### Work request
Only the lines from the start of the data through the line containing "Женщина учится играть на фортепиано онлайн" should be written out, exactly as they are, with both ends included and the pictures left out.

### Dataset section
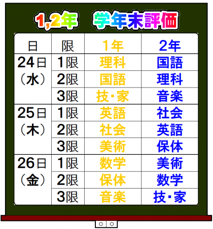 24日(水)から、「1,2年・学年末評価」です! 公開日 2021/02/21 更新日 2021/02/21 今日の興南中 2月21日(日) 11:00 24日(水)から、「1,2年・学年末評価」です。 (日程は、下記のとおりです。) 提出物はもとより、テスト勉強を計画的に進めましょう!
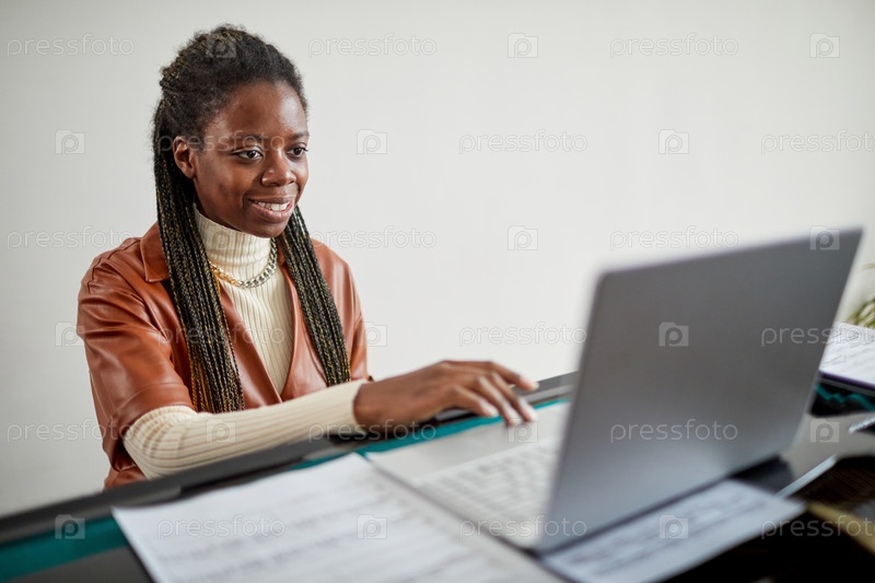 Женщина учится играть на фортепиано онлайн
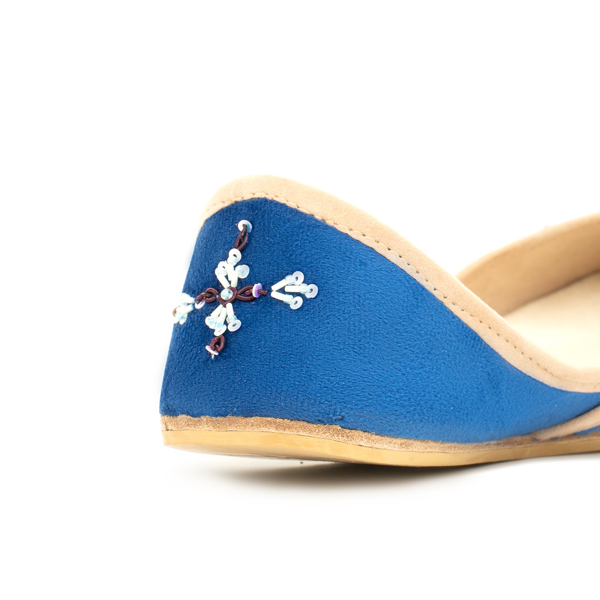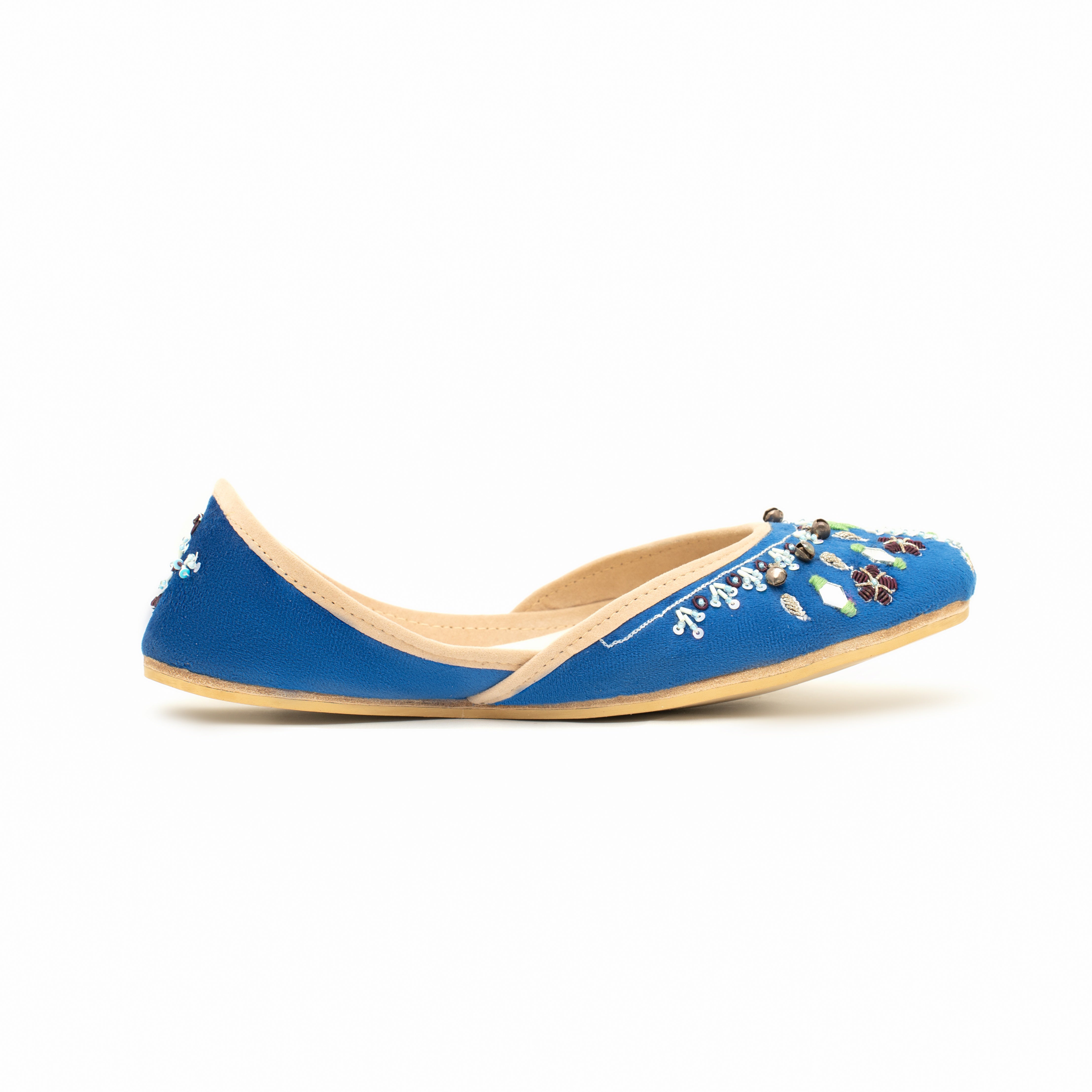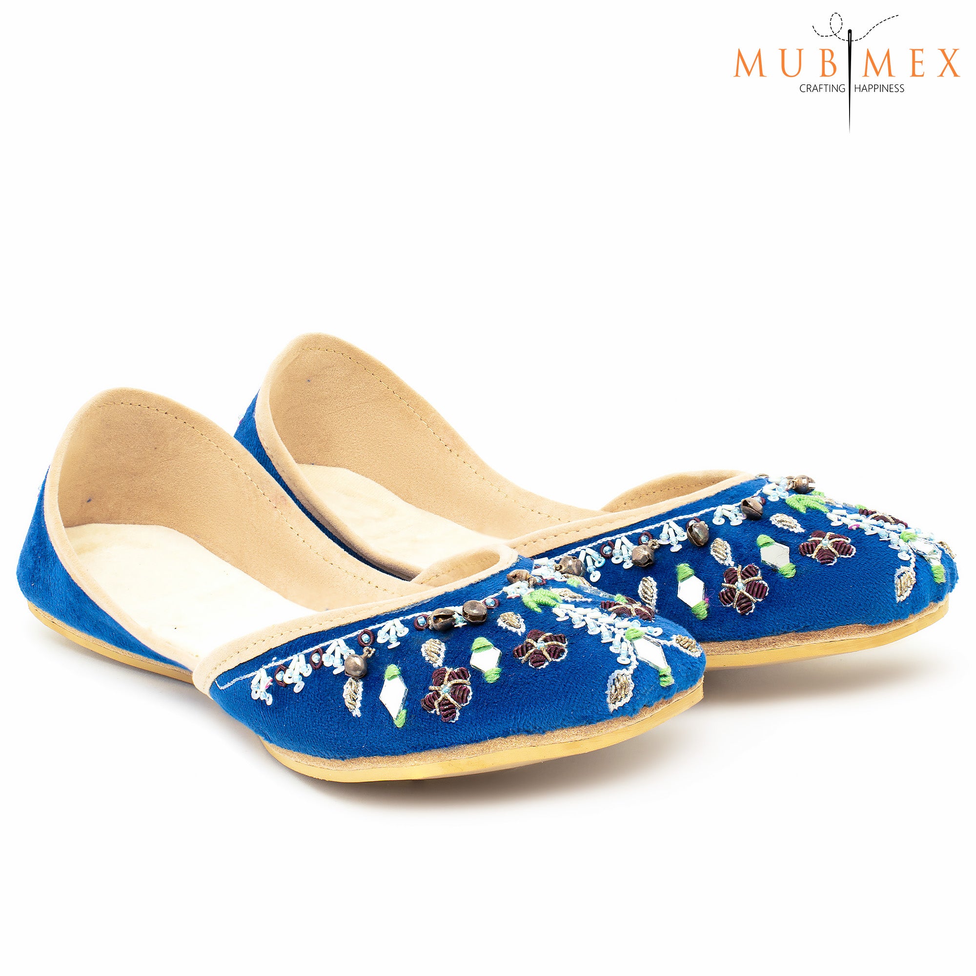It’s beautiful to look at, it pairs just perfectly with any outfit and its comfort promises a walk like on the clouds. This deep blue velvet khussa is an epitome of grace and beauty and undoubtedly a must have in every closet. It’s time to transport yourself to a world of intricate beauty and cultural finesse with these captivating blue khussas, a masterpiece of craftsmanship. Each pair is a labor of love, meticulously handcrafted by skilled artisans. The velvety soft blue base serves as a canvas for an enchanting symphony of hand-stitched flowers, each petal and leaf a testament to the artisans' artistry and attention to detail. The allure of these khussas is elevated to new heights with the addition of mesmerizing sheesha work in stunning green and rich brown tones. The sheesha, or mirror work, reflects light like sparkling jewels, casting a spellbinding aura with every glimmer. The intricate patterns create a mesmerizing mosaic of color and shine, turning each step into a graceful dance.

### Task answer
 24日(水)から、「1,2年・学年末評価」です! 公開日 2021/02/21 更新日 2021/02/21 今日の興南中 2月21日(日) 11:00 24日(水)から、「1,2年・学年末評価」です。 (日程は、下記のとおりです。) 提出物はもとより、テスト勉強を計画的に進めましょう!
 Женщина учится играть на фортепиано онлайн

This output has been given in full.